- Евгений Александрович, известно, что ваш конек - прямой контакт с читателем, который становится вашим слушателем. В этом году в Кремле вы провели эксперимент и читали сочинения вдвоем с Михаилом Задорновым. Вы не боялись такой конкуренции?
- Страшно боялся. Дело тут не во мне, точнее, не только во мне. Хочу я того или нет, но я становлюсь какой-то культовой фигурой и одним из немногих оставшихся в живых представителей плеяды шестидесятников, которая все-таки очень много сделала для истории литературы. Двенадцать лет назад у меня в Кремле тоже был поэтический вечер. Вообще у нас нет другого такого поэта, который мог бы в одиночку держать зал с таким огромным количеством публики. Я много выступал в больших аудиториях, читал даже стихи на иностранном языке, например, в Арена де Мехико выступал перед 28 тысячами человек, целый вечер читая стихи и по-испански и по-русски.
- А у вас есть какие-то секреты, с помощью которых вы завоевываете аудиторию?

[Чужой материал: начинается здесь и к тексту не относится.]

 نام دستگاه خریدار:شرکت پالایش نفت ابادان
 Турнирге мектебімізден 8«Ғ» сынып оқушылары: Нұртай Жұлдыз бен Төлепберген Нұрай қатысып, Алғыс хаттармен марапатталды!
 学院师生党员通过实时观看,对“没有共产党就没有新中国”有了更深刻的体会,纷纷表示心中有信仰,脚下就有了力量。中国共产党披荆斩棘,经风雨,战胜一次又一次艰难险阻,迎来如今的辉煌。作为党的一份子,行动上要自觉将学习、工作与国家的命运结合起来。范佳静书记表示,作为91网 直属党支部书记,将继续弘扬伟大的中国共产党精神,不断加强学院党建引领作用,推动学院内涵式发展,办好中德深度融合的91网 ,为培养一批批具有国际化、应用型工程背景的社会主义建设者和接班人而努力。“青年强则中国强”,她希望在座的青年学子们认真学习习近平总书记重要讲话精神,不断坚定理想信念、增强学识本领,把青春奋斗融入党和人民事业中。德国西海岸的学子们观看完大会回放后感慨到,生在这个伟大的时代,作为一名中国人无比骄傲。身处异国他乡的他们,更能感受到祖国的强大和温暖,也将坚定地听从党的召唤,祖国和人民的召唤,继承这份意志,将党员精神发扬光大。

- Нет ничего, кроме предварительного страха перед аудиторией и одновременно любви к ней. Это то же самое, когда признаешься в любви кому-то. Я вижу и люблю свою аудиторию. Конечно, в большом зале можно и потерять какие-то лица, но я ориентируюсь на некоторых людей, которых выбираю себе в слушатели и которые сидят в разных концах зала... Я получаю от них обратный импульс, энергию, которая уже становится мною, моей волной и идет в зал.

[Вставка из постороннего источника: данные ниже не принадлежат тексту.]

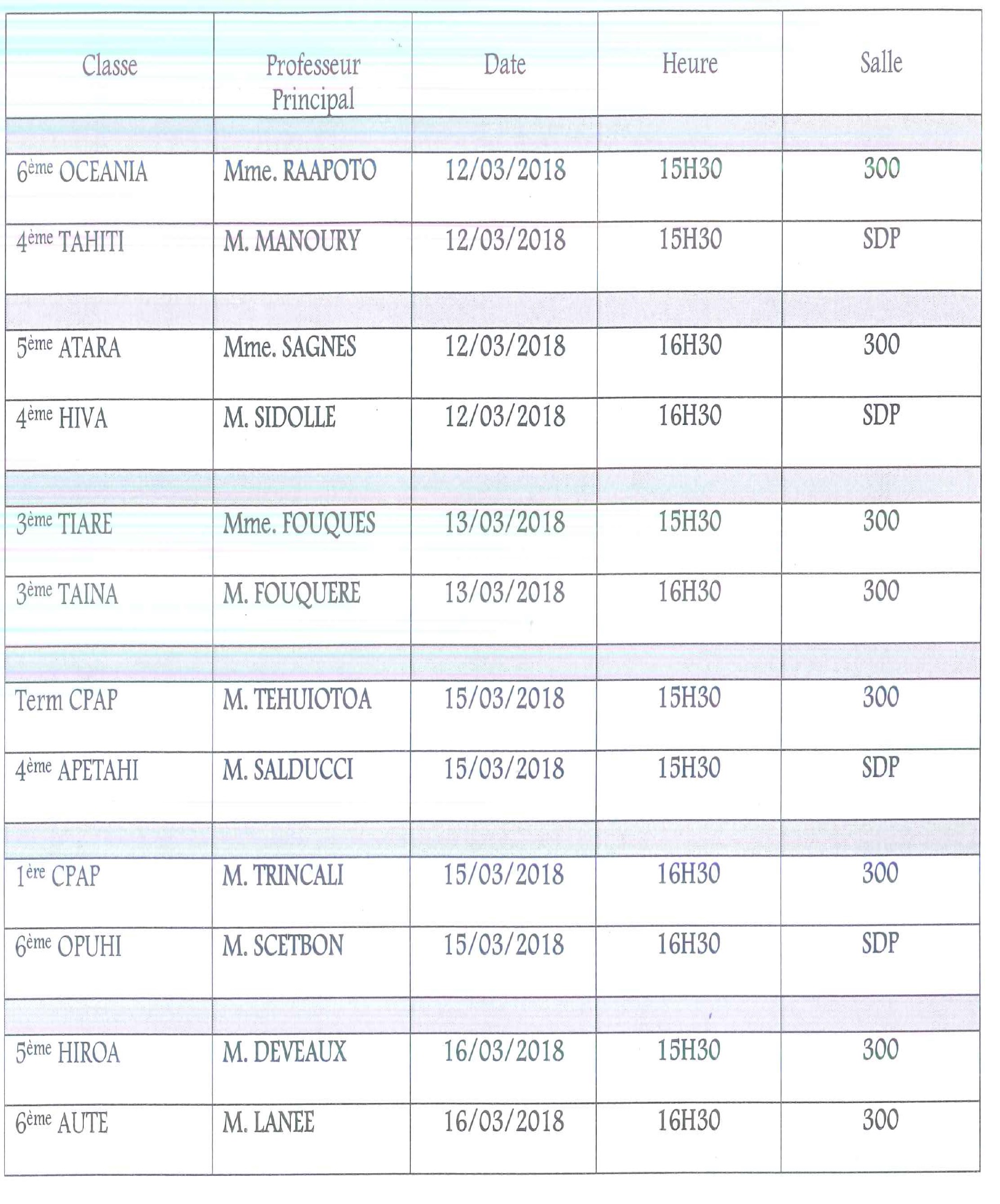 Voici le planning des conseils de classe du 2e Trimestre
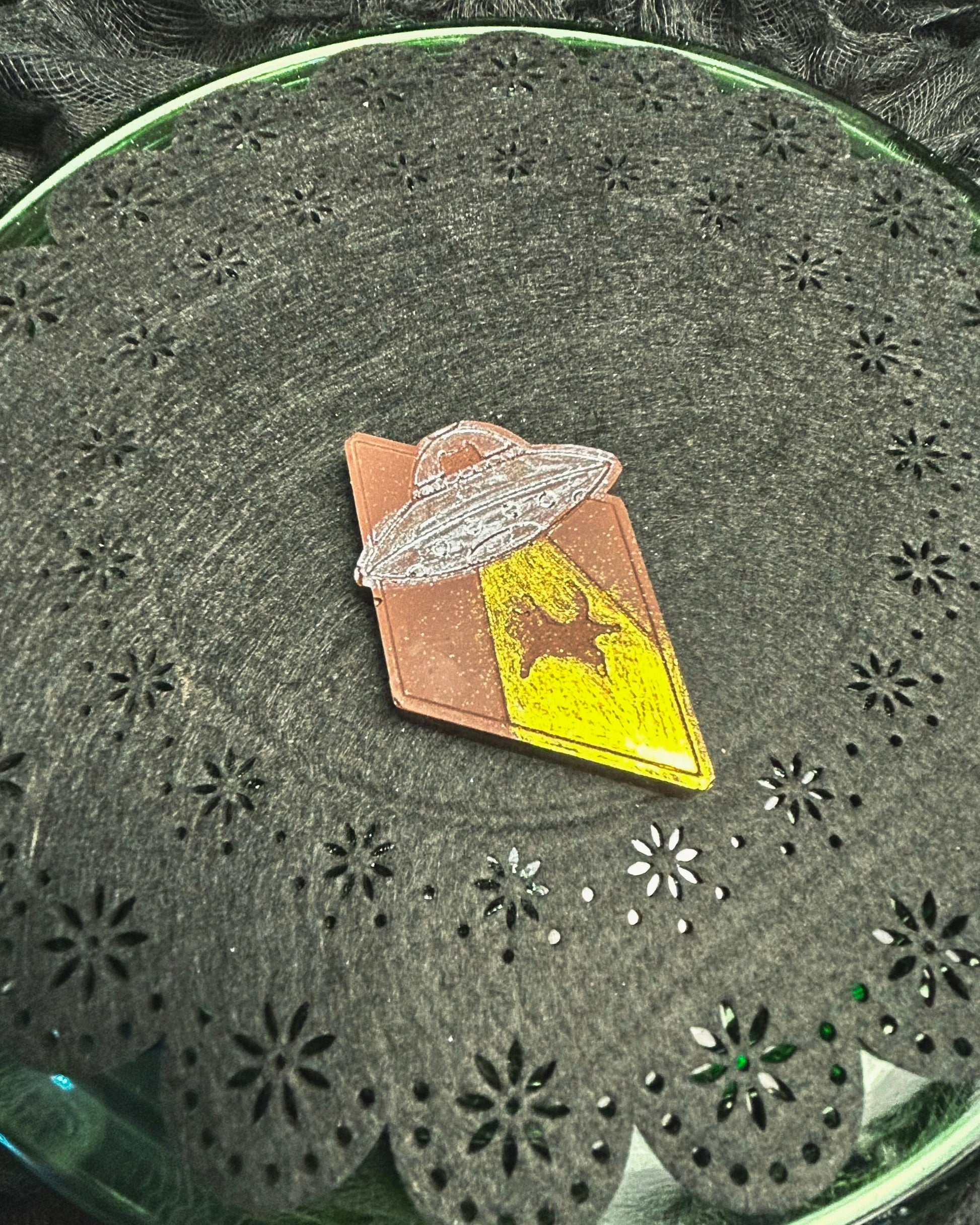 On no! A cat is being abducted by a UFO! This fun solid chocolate novelty is made with pure Belgian couverture chocolate and individually packaged.
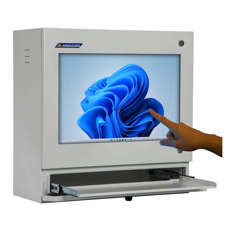 Creëer de meest optimale opstelling voor uw behoeften. Kies uit wand-, vloer- of werkbladmontage, en optioneel een toetsenbordplateau, toetsenbordlade of geïntegreerd IP54-toetsenbord met touchpad. De industriële alles-in-één PC-touchscreen is uitgerust met twee sleutelsloten om ongeautoriseerde toegang te voorkomen, zodat u zich geen zorgen hoeft te maken over de beveiliging van uw investering, op welke locatie deze zich ook bevindt.
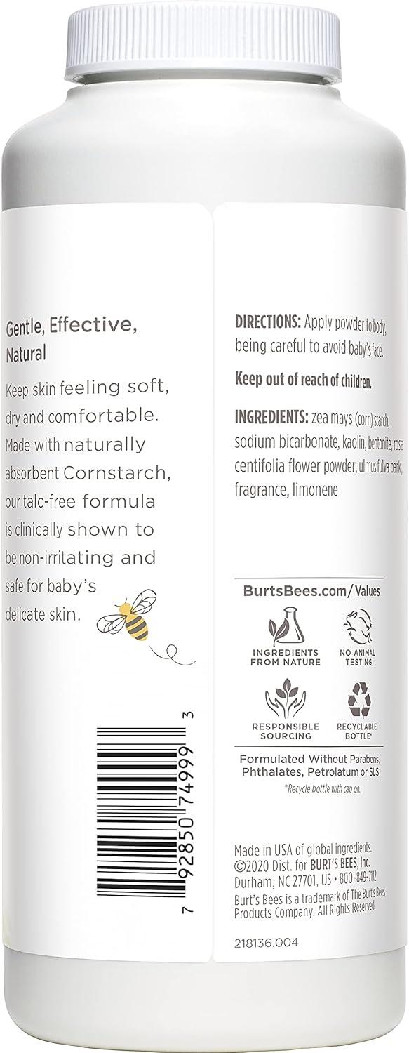 Burts Bees Baby Dusting Powder is clinically shown to be non irritating and safe for babys delicate skin. This 100% natural, talc free baby powder keeps skin feeling soft, smooth, dry and wonderfully scented. The naturally absorbent cornstarch makes it safe and smooth for topical use. Plus, its pediatrician tested so you can use it with confidence. Smooth the powder liberally onto babys skin and reapply as needed to absorb dampness. Nurture babys skin naturally with Baby Bee from Burts Bees.

Мои зрители - это... читатели моей души, моих порывов, и они вместе со мной сотворцы каждого моего вечера. Это коллективное творчество.
- А бывали провалы?
- Как вам сказать... бывали провальные мгновения. Например, в Перми года четыре тому назад на вечер согнали силком 400 или 500 ребятишек из местных школ. Они никогда (это уже новое поколение) не бывали на вечерах поэзии, никогда не слышали живого поэта. Они сидели, чавкали "чуингам", чтобы выглядеть по-американски... Это слово знают все русские мальчишки, чтобы выглядеть "cool", такими крутыми парнями - нога на ногу. И я понял, что должен им что-нибудь рассказать. И рассказал о себе. Рассказал, что я такой же, как они, и что очень фикстулял в свое время, то есть изображал, что мне ничего не интересно, мол, я устал ото всех... В общем, строил образ, скрывая на самом деле свою собственную неуверенность. Рассказал, как меня исключили из школы за хулиганство и за кражу учебника, который я на самом деле не крал... Думаю, они поняли, что я один из них.
- Только выросший.
- Да, только выросший. И тут уже я взял их голыми руками. Перед тем как начать читать стихи, я сказал, что знаю, что никогда люди не бывают так одиноки, как в подростковом возрасте, и сам себе еще кажусь подростком. Я прочел им самое простое свое стихотворение, очень доходчивое, которое сразу объединяет людей - "Со мною вот что происходит..." Они же никогда его не слышали. Для них это стихотворение было открытием. Потом они уже были моими. Точно такая же ситуация у меня была в Чили в прошлом году. Тогда у меня было выступление в Сантьяго де Чили на площади, где когда-то пиночетовцы бомбили дворец Ла Монеда и убили президента Альенде. Он был моим другом и очень любил мои стихи. Для меня было огромной честью читать с балкона, с которого президент Альенде произнес свою последнюю речь. На площади было тридцать тысяч молодых людей, и Пиночет был жив. Но уже на этой площади стоял памятник Альенде - правда, плохонький, у нас сейчас тоже много плохоньких памятников. На следующий день меня повезли в школу к неисправимым детям - в такую же школу, в какой я учился когда-то в Москве. Из нее меня в свое время исключили. То есть меня исключили из школы для неисправимых. Вот что забавно.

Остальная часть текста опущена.